メラミンは食器や浴室介護部品として、エポキシ樹脂はガラエポ(ガラスエポキシ積層体)として電子回路基板にはなくてはならない樹脂。不飽和ポリエステルはガラス繊維複合によりプラスチック漁船、遊具、浴槽など広範囲に利用されている。SMCもこの範疇に入る。
ウレタン樹脂は低温衝撃に優れ、水による発泡成形も可能であるところから、自動車、家具の緩衝シート、冷蔵庫の断熱材として使用量は多い。最近は熱可塑性ウレタン樹脂も相当浸透しているが、架橋の熱硬化性樹脂の割合が高い
熱硬化性樹脂は再溶融できない。従って①サーマルリサイクル(燃料)②モノマーまで化学分解 ③熱可塑性樹脂の中に充填物として配合する。3通りが「リサイクル」がある。
②のモノマーまで分解すると、素原料として利用できる。
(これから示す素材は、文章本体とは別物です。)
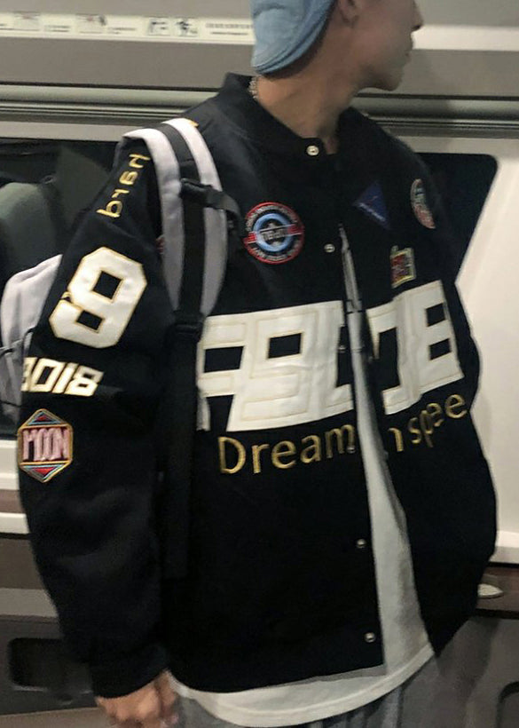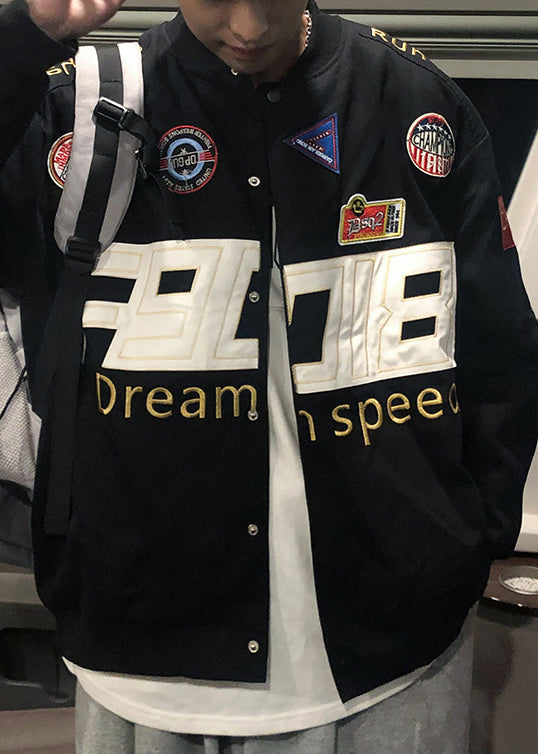 Spring Coats Cotton Black Unique Men TC006 Embroideried Patchwork

手法としては超臨界状態、亜臨界状態での分解が知られており、多くの企業が研究開発を進め、パイロットプラントを建設して検証作業を進めている。
超臨界状態は固体・液体・気体ではなく、特定の圧力・温度条件下では液体でも気体でもなく気体の活発な分子運動と液体の溶解性の両方を有する媒体となる。(図-1http://www2.scej.org/scfdiv/scf.html) 水は374℃、圧力218気圧で、炭酸ガスは31℃、73気圧で超臨界状態になる。超臨界状態で処理することで結合が切断されなど反応の場として利用することがある。分解には触媒としてKOHなどを併用することもある。
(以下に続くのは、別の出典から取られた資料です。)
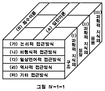 ÀÌ ºÐ·ùÇ¥´Â ¹°·Ð »ç½Ç°úÇÐÀÇ Áö½ÄÀ» ¸ðµ¨·Î ÇÑ °ÍÀÌÁö¸¸ ´Ù¸¥ Á¾·ùÀÇ °úÇÐ, ƯÈ÷ ±â¼ú°úÇÐÀ» ³íÇÏ´Â µ¥µµ µµ¿òÀÌ µÉ °ÍÀÌ´Ù. À§ÀÇ µµÇ¥´Â °úÇÐöÇÐÀÇ ¿¬±¸´ë»ó ¿µ¿ªÀ» °úÇÐÀû Áö½Ä¿¡ ÇÑÁ¤½Ã۰í (¥°) °úÇÐÀû Áö½ÄÀÇ ±¸Á¶, (¥±) °úÇÐÀû Áö½ÄÀÇ ¼ºÀå, (¥²) °úÇÐÀû Áö½ÄÀÇ ÀÀ¿ë, ÀÌ·¸°Ô ¼¼ °¡Áö·Î ±¸ºÐÇÏ¿© °ËÅäÇÑ´Ù. ´Ù¸¥ ÇÑÆí °úÇÐÀû Áö½ÄÀº °úÇÐ ÀϹݿ¡ °øÅëµÇ´Â Áö½ÄÀÌ·Ð (A) °ú, ¹°¸®Çз »ý¹°Çз ½É¸®ÇÐ µî Ư¼ö °³º° °úÇÐÀÇ Áö½Ä¿¡ °üÇÑ ÀÌ·Ð (B) À¸·Î ±¸ºÐµÉ ¼ö ÀÖ´Ù. ÀÌ ¾çÂÊÀ» °áºÎ½ÃŰ¸é °úÇÐöÇÐÀÇ ´ë»ó¿µ¿ªÀº Áö½Ä±¸Á¶ÀÇ ÀϹÝÀÌ·Ð (I A) °ú Ư¼öÀÌ·Ð (I B). Áö½Ä¼ºÀåÀÇ ÀϹÝÀÌ·Ð (II A), ¼ºÀåÀÇ Æ¯¼öÀÌ·Ð (II B), ±×¸®°í Áö½ÄÀÀ¿ëÀÇ ÀϹÝÀÌ·Ð (III A), Áö½ÄÀÀ¿ëÀÇ Æ¯¼öÀÌ·Ð (III B) À̶ó´Â 6°³ ºÎºÐÀ¸·Î ºÐ·ùµÈ´Ù. ±×¸®°í ÀÌµé ¿µ¿ª¿¡ °üÇÑ Á¢±Ù¹æ½ÄÀº ´Ù½Ã±Ý (°¡) ³í¸®Àû Á¢±Ù¹æ½Ä, (³ª) ºñÇü½ÄÀû Á¢±Ù¹æ½Ä, (´Ù) ÀÏ»ó¾ð¾îÀû Á¢±Ù¹æ½Ä, (¶ó) ¿ª»çÀû Á¢±Ù¹æ½Ä, (¸¶) ±× ¹ÛÀÇ Á¢±Ù¹æ½ÄÀ¸·Î ±¸ºÐÇÒ ¼ö ÀÖ´Ù. ÀÌ·± ºÐ·ù¿¡ ÀÇÇØ °úÇÐöÇÐÀ» °³³äÀûÀ¸·Î 30 °³ ¿µ¿ªÀ¸·Î ³ª´©°í ±×µé ¿µ¿ªÀÇ Æ¯¼º°ú »óÈ£¿¬°ü °ü°è¸¦ °ËÅäÇØ °¡¸é Á»´õ ºÐ¸íÇÏ°Ô ¼º°úÀÖ´Â ³íÀǸ¦ ÇØº¼ ¼ö ÀÖÀ¸¸®¶ó ±â´ëµÈ´Ù.

超臨界は多くの分野で利用されているが、初期のころは超臨界反応槽の材質も劣化させることから金属材質の適性化研究がなされた。もしくは若干マイルドな亜臨界条件での開発が進んでいる。だがしかしながら、製品量と処理量のバランス(コスト面を含め)がとれていないのも現実であり、サーマルリサイクルか埋め立てがメインとなっている。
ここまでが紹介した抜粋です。